(Stored entries)
____

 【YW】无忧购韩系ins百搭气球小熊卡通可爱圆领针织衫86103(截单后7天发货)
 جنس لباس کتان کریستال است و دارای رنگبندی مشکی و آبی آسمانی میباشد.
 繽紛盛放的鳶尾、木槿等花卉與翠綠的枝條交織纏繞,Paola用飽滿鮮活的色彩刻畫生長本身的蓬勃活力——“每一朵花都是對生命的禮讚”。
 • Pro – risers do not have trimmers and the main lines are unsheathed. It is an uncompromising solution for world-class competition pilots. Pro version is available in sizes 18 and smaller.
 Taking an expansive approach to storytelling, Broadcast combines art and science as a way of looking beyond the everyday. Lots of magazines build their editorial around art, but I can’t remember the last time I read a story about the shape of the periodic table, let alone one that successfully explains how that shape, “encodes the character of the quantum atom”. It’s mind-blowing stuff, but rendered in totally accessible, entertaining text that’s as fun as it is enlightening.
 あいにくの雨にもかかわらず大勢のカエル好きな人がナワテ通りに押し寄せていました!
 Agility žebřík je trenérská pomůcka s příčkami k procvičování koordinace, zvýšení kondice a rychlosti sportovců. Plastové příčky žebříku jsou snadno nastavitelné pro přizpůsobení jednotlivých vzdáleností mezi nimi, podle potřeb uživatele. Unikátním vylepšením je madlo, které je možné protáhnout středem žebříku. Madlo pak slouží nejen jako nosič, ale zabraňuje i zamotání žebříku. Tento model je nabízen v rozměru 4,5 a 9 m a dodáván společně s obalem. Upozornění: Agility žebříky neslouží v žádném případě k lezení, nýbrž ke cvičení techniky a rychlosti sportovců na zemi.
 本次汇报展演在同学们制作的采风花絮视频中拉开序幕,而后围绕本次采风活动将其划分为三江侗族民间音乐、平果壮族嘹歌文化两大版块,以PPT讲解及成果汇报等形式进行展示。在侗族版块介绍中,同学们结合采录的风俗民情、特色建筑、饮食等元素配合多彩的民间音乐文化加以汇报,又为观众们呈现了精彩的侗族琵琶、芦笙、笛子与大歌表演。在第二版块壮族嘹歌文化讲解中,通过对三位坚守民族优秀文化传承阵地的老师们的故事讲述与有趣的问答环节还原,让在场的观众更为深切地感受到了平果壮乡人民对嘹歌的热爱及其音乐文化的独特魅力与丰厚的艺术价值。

____

■ Task requirements
Each entry shown above should be copied out exactly.

■ Problem solution
 【YW】无忧购韩系ins百搭气球小熊卡通可爱圆领针织衫86103(截单后7天发货)
 جنس لباس کتان کریستال است و دارای رنگبندی مشکی و آبی آسمانی میباشد.
 繽紛盛放的鳶尾、木槿等花卉與翠綠的枝條交織纏繞,Paola用飽滿鮮活的色彩刻畫生長本身的蓬勃活力——“每一朵花都是對生命的禮讚”。
 • Pro – risers do not have trimmers and the main lines are unsheathed. It is an uncompromising solution for world-class competition pilots. Pro version is available in sizes 18 and smaller.
 Taking an expansive approach to storytelling, Broadcast combines art and science as a way of looking beyond the everyday. Lots of magazines build their editorial around art, but I can’t remember the last time I read a story about the shape of the periodic table, let alone one that successfully explains how that shape, “encodes the character of the quantum atom”. It’s mind-blowing stuff, but rendered in totally accessible, entertaining text that’s as fun as it is enlightening.
 あいにくの雨にもかかわらず大勢のカエル好きな人がナワテ通りに押し寄せていました!
 Agility žebřík je trenérská pomůcka s příčkami k procvičování koordinace, zvýšení kondice a rychlosti sportovců. Plastové příčky žebříku jsou snadno nastavitelné pro přizpůsobení jednotlivých vzdáleností mezi nimi, podle potřeb uživatele. Unikátním vylepšením je madlo, které je možné protáhnout středem žebříku. Madlo pak slouží nejen jako nosič, ale zabraňuje i zamotání žebříku. Tento model je nabízen v rozměru 4,5 a 9 m a dodáván společně s obalem. Upozornění: Agility žebříky neslouží v žádném případě k lezení, nýbrž ke cvičení techniky a rychlosti sportovců na zemi.
 本次汇报展演在同学们制作的采风花絮视频中拉开序幕,而后围绕本次采风活动将其划分为三江侗族民间音乐、平果壮族嘹歌文化两大版块,以PPT讲解及成果汇报等形式进行展示。在侗族版块介绍中,同学们结合采录的风俗民情、特色建筑、饮食等元素配合多彩的民间音乐文化加以汇报,又为观众们呈现了精彩的侗族琵琶、芦笙、笛子与大歌表演。在第二版块壮族嘹歌文化讲解中,通过对三位坚守民族优秀文化传承阵地的老师们的故事讲述与有趣的问答环节还原,让在场的观众更为深切地感受到了平果壮乡人民对嘹歌的热爱及其音乐文化的独特魅力与丰厚的艺术价值。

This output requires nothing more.